The COT report released on Friday revealed that managed money liquidated 17,103 of their long positions and added 29,209 to their short positions. Commercial interests added 26,491 to their long positions and liquidated 14,931 of their short positions. As of the latest report, which was tabulated on June 20, managed money is short corn by ratio of 1.20:1, up from the previous week of 1.02:1 and down from the ratio two weeks ago of 1.52:1. Stand aside.
August gold advanced $7.00 on volume of 173,405 contracts. Total open interest declined by 2,426 contracts, which relative to volume is approximately 40% below average. This was one of the rare days that total open interest declined on the price advance. The COT report released on Friday revealed that managed money liquidated a massive 49,920 contracts from their long positions and also liquidated 1,800 contracts from their short positions. Commercial interests liquidated 555 of their long positions and also liquidated 18,838 of their short positions. As of the June 20 tabulation date, managed money was long gold by a ratio of 2.51:1, down sharply from the previous week of 3.19:1 and the ratio two weeks ago of 3.62:1.
As this report is being compiled on June 26, the August contract is trading $10.40 lower on the day and has made a daily low of 1236.50, which is the lowest print since 1233.60 made on May 16. On June 15, OIA announced that August gold generated a short term sell signal and an intermediate term sell signal on June 20. Although we think gold will be a solid play on the long side down the road, it is imperative that the dollar index reverse the buy signal generated on June 20 before a rally can be sustained in earnest.
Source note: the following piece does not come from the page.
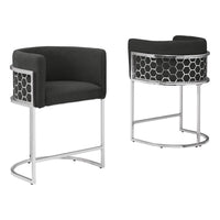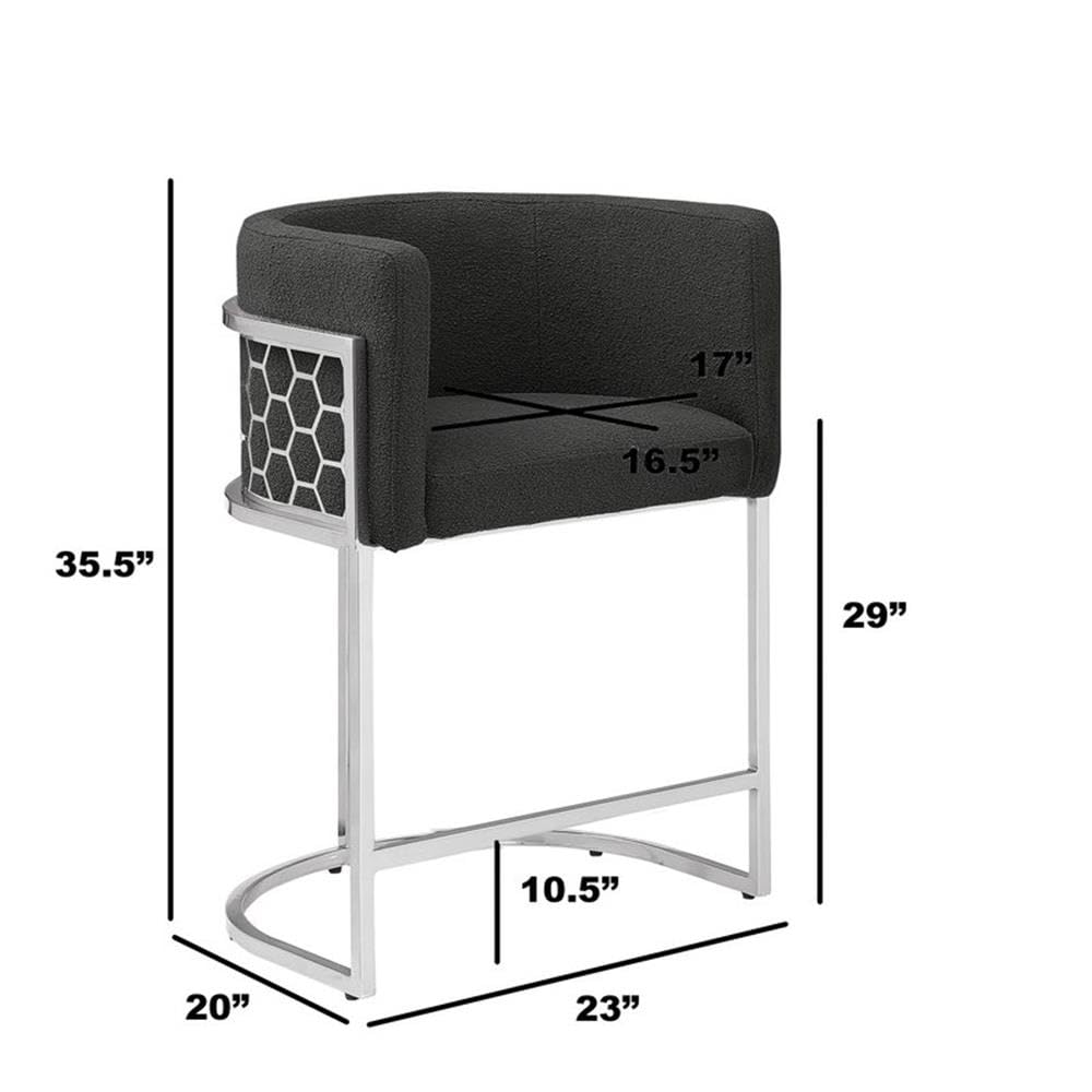 Best Quality Furniture Modern Barrel Bar Stools with Honeycomb Pattern, Teddy Fabric Upholstery - Black, Silver Chrome Finish

On the equity side, we like Royal Gold (RGLD), which is a royalty company, not a miner.
The September euro advanced 50 pips on volume of 129,171 contracts. Though volume was light, the total open interest increase was heavy, up 5,826 contracts, which relative to volume is approximately 75% above average. This indicates that new buyers were rushing into the euro and pushing it to a high of 1.1260.
As this report is being compiled on June 26, the September contract has made a fractional new high of 1.1271 above Friday’s print. The COT report revealed that leverage funds liquidated 2,241 of their long positions and added a massive 22,735 to their short positions. As of the June 20 tabulation date, leverage funds were short the euro by a ratio of 1.25:1, up from the previous week of 1.19:1 and the ratio two weeks ago of 1.19:1.
While we like the euro in the intermediate term, we cannot discount the possibility of a move higher from here despite the over bought condition. However, we prefer to remain on the sidelines wait for a possible correction to the 50 day moving average of 1.1123. This is a level at which we would feel comfortable recommending light bullish positions and add to these after a new short term buy signal is generated.
On June 12, the NASDAQ 100 cash index generated a short term sell signal and NASDAQ 100 futures (September) generated a short term sell signal on June 16. Remarkably, though the NASDAQ 100 has had a rally from the low, it has not been able to reverse these sell signals. As this report is being compiled on June 26, the September NASDAQ 100 contract is trading 15.00 points lower after rallying to a high of 5862.00 in the early going, it has now reversed sharply.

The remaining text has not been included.